Les actions qui visent à renforcer la résistance individuelle existent et gardent leur utilité. Gestion du stress, cellules d’écoute, sophrologie, applications de méditation : l’INRS reconnaît qu’elles sont parfois nécessaires, puis ajoute que « leurs effets bénéfiques ne sont cependant que de courte durée si des mesures ne sont pas prises pour limiter les causes de stress ». La prise en charge des salariés en difficulté, écrit-il encore, « ne relève pas de la prévention ».

⚠️ Le raisonnement juridique, pas seulement moral : l’article L.4121-2 impose d’éviter les risques, de les combattre à la source, d’adapter le travail à l’humain et de donner la priorité aux mesures collectives. Une action qui ne touche ni à la charge, ni à l’autonomie, ni au sens du travail ne coche aucun de ces principes. Elle ne suffit donc pas à démontrer que l’employeur a pris les mesures nécessaires.

Notre position depuis 2017 tient en une phrase. Sensibiliser une équipe et former ses managers a une vraie valeur, à condition que la direction accepte ensuite de regarder l’organisation du travail. Une corbeille de fruits posée sur une charge de travail intenable ne trompe plus personne, et surtout pas les salariés concernés. C’est d’ailleurs ce que nous disons en ouverture de chacune de nos sensibilisations.

Qu’est-ce que la faute inexcusable, et combien coûte-t-elle ?

La faute inexcusable est retenue lorsque l’employeur avait ou aurait dû avoir conscience du danger auquel le salarié était exposé et n’a pas pris les mesures nécessaires pour l’en préserver. Elle ouvre au salarié une indemnisation complémentaire, prévue par les articles L.452-1 et suivants du code de la sécurité sociale.

Les conséquences financières se cumulent. La rente ou l’indemnité en capital est majorée. Les préjudices non couverts par le régime forfaitaire sont réparés : souffrances physiques et morales, préjudice esthétique, préjudice d’agrément, perte de chances de promotion professionnelle.
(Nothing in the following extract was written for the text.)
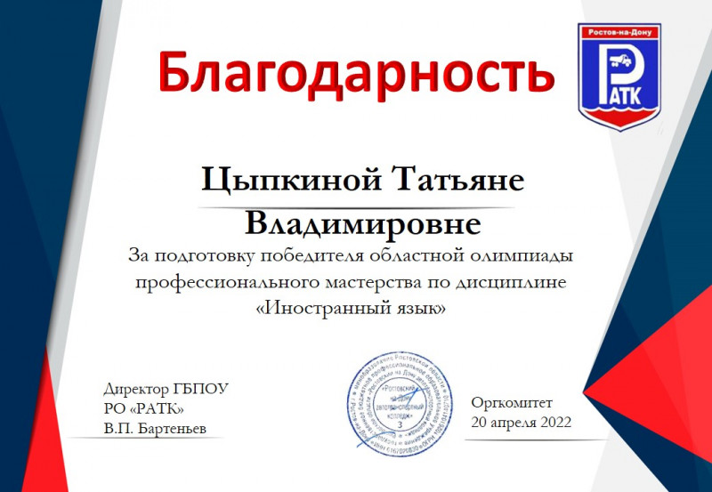 20 апреля 2022г. студенты колледжа приняли участие в областной олимпиаде профессионального мастерства по дисциплине «Иностранный язык» среди обучающихся средних профессиональных учреждений Ростовской области по укрупненной группе 23.00.00 Техника и технологии наземного транспорта, которая состоялась на базе ГБПОУ РО «Ростовский-на-Дону автотранспортный колледж».

La caisse verse ces sommes directement au salarié, puis en récupère le montant auprès de l’entreprise.

📅 Une réforme entre en vigueur le 1er novembre 2026 : après les arrêts d’assemblée plénière du 20 janvier 2023, qui ont jugé que la rente ne répare pas le déficit fonctionnel permanent, la loi de financement de la sécurité sociale pour 2025 a scindé la rente en une part professionnelle et une part fonctionnelle. La majoration pour faute inexcusable portera désormais sur les deux, et la part fonctionnelle pourra être versée en capital à la demande de la victime. Le décret du 7 mai 2026 fixe l’entrée en vigueur au 1er novembre 2026, pour les victimes dont l’état est consolidé à compter de cette date.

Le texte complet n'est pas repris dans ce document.